▶ _The problem_:
Keep every word of the listing and drop the images when you write it out.

▶ _Supplied data_:
□ □ □ □ □ □ □

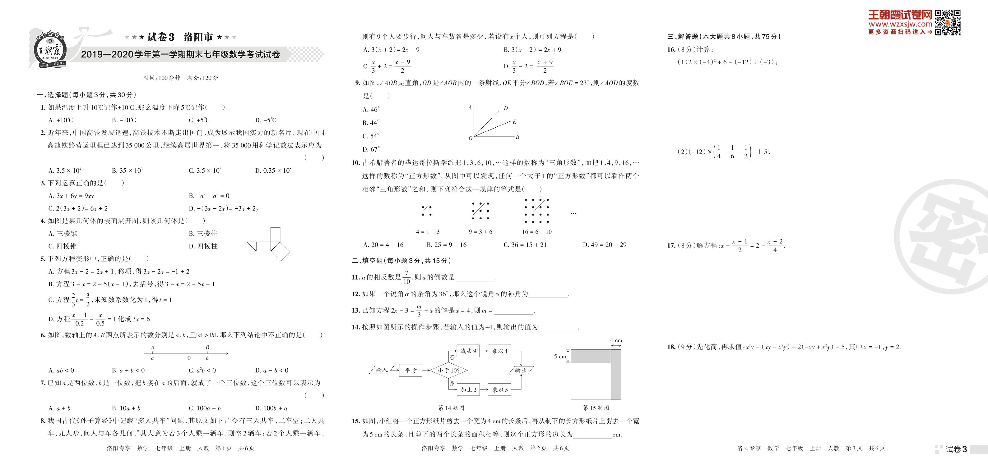 洛阳市2019—2020学年第一学期期末七年级数学考试试卷(人教版)【3】
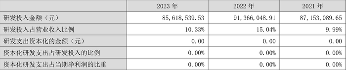 2023年全年,公司研发投入金额为8561.85万元,同比下降6.29%;研发投入占营业收入比例为10.33%,相比上年同期下降4.71个百分点。此外,公司全年研发投入资本化率为0。
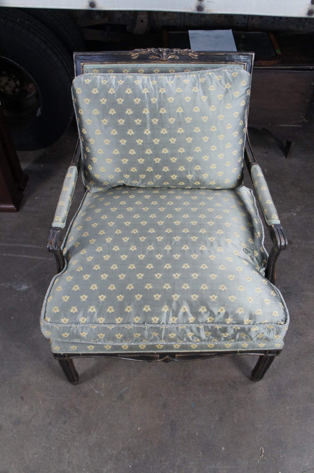 Early 21st Century Minton Spidell Cressant French Louis XVI Fauteuil Arm Chair. Features an ebonized frame with gold accents. The seat and cushions are upholstered in Scalamandre silk with a bee pattern.

□ □ □ □ □ □ □

▶ _Written solution_:
 洛阳市2019—2020学年第一学期期末七年级数学考试试卷(人教版)【3】
 2023年全年,公司研发投入金额为8561.85万元,同比下降6.29%;研发投入占营业收入比例为10.33%,相比上年同期下降4.71个百分点。此外,公司全年研发投入资本化率为0。
 Early 21st Century Minton Spidell Cressant French Louis XVI Fauteuil Arm Chair. Features an ebonized frame with gold accents. The seat and cushions are upholstered in Scalamandre silk with a bee pattern.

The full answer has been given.